## TASK DESCRIPTION:
Once the line with "Rovescio: Il nominale" is found in the entries below, repeat it and each following line exactly, up to and including the line with "Świece Ozdobne Stroikowe". Add no other lines.

## DATA:
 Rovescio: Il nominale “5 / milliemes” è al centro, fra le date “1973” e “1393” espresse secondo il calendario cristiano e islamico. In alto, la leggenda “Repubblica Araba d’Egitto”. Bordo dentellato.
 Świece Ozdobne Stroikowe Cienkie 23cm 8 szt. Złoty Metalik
---
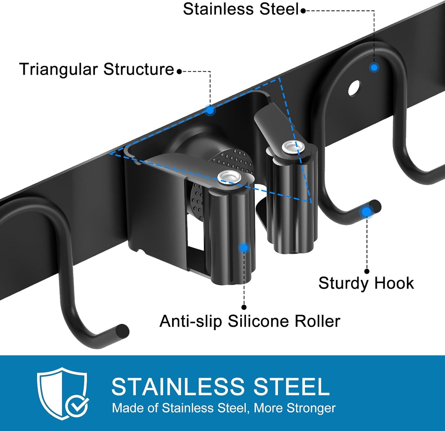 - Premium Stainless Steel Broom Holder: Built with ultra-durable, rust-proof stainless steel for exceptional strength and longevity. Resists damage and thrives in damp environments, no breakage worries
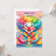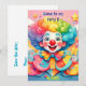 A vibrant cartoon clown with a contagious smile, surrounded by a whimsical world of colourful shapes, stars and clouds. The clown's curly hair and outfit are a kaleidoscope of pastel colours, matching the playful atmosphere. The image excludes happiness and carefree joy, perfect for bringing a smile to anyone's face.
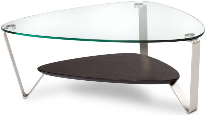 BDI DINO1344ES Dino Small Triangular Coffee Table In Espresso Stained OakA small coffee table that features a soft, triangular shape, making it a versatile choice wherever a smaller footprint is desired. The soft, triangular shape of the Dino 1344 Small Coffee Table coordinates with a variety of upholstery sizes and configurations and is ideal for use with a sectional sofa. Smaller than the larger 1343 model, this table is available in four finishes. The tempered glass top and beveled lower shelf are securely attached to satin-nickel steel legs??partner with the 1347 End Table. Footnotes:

## FINISHED EXERCISE:
 Rovescio: Il nominale “5 / milliemes” è al centro, fra le date “1973” e “1393” espresse secondo il calendario cristiano e islamico. In alto, la leggenda “Repubblica Araba d’Egitto”. Bordo dentellato.
 Świece Ozdobne Stroikowe Cienkie 23cm 8 szt. Złoty Metalik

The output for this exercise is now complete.